Convert the timestamp to seconds (from Epoch) and use UNIX sort, using email and this new field (that is: sort -k2 -k4 -n -t, < converted_input_file > output_file)
Initialize 3 variable, EMAIL, PREV_TIME and COUNT
Interate over each line, if new email is encountered, add "1,0 day". Update PREV_TIME=timestamp, COUNT=1, EMAIL=new_email
Next line: 3 possible scenario
- a) if same email, different timestamp: calculate days, increment COUNT=1, update PREV_TIME, add "Count, Difference_in_days"
- b) If same email, same timestamp: increment COUNT, add "COUNT, 0 day"
- c) If new email, start from 3.

添加一个新字段TIMESTAMP并在打印输出时将其删除。

Alternative to 1. is to add a new field TIMESTAMP and remove it upon printing out the line.

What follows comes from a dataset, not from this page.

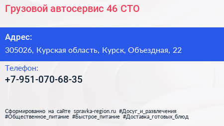 Грузовой автосервис 46, СТО по адресу 305026, Курская область, Курск, Объездная, 22 в дальнейшем Организация, размещена в следующих категориях:

注意：如果1.5GB太大，无法排序，电子邮件作为分割点。您可以在不同的机器上并行运行这些块

Note: If 1.5GB is too huge to sort at a go, split it into smaller chuck, using email as the split point. You can run these chunks in parallel on different machine

/usr/bin/gawk -F'","' ' { 
    split("JAN FEB MAR APR MAY JUN JUL AUG SEP OCT NOV DEC", month, " "); 
    for (i=1; i<=12; i++) mdigit[month[i]]=i; 
    print $0 "," mktime(substr($4,6,4) " " mdigit[substr($4,3,3)] " " substr($4,1,2) " 00 00 00"
)}' < input.txt |  /usr/bin/sort -k2 -k7 -n -t, > output_file.txt

output_file.txt：

output_file.txt:

DF，00000000@11111.COM，FLTINT1000130394756，26JUL2010，B2C，6799.2，1280102400
DF，0001HARISH @ COM，NF252022031180，09DEC2010，B2C，3439，1291852800
DF，0001HARISH@GMAIL.COM，NF251742087846，12DEC2010，B2C ，1292112000
DF，0001HARISH@GMAIL.COM，NF251352240086，22DEC2010，B2C，4006，1292976000

...

"DF","00000000@11111.COM","FLTINT1000130394756","26JUL2010","B2C","6799.2",1280102400 "DF","0001HARISH@GMAIL.COM","NF252022031180","09DEC2010","B2C","3439",1291852800 "DF","0001HARISH@GMAIL.COM","NF251742087846","12DEC2010","B2C","1000",1292112000 "DF","0001HARISH@GMAIL.COM","NF251352240086","22DEC2010","B2C","4006",1292976000
...

将输出传递给Perl，Python或AWK脚本，以处理步骤2至4.。

You pipe the output to Perl, Python or AWK script to process step 2. through 4.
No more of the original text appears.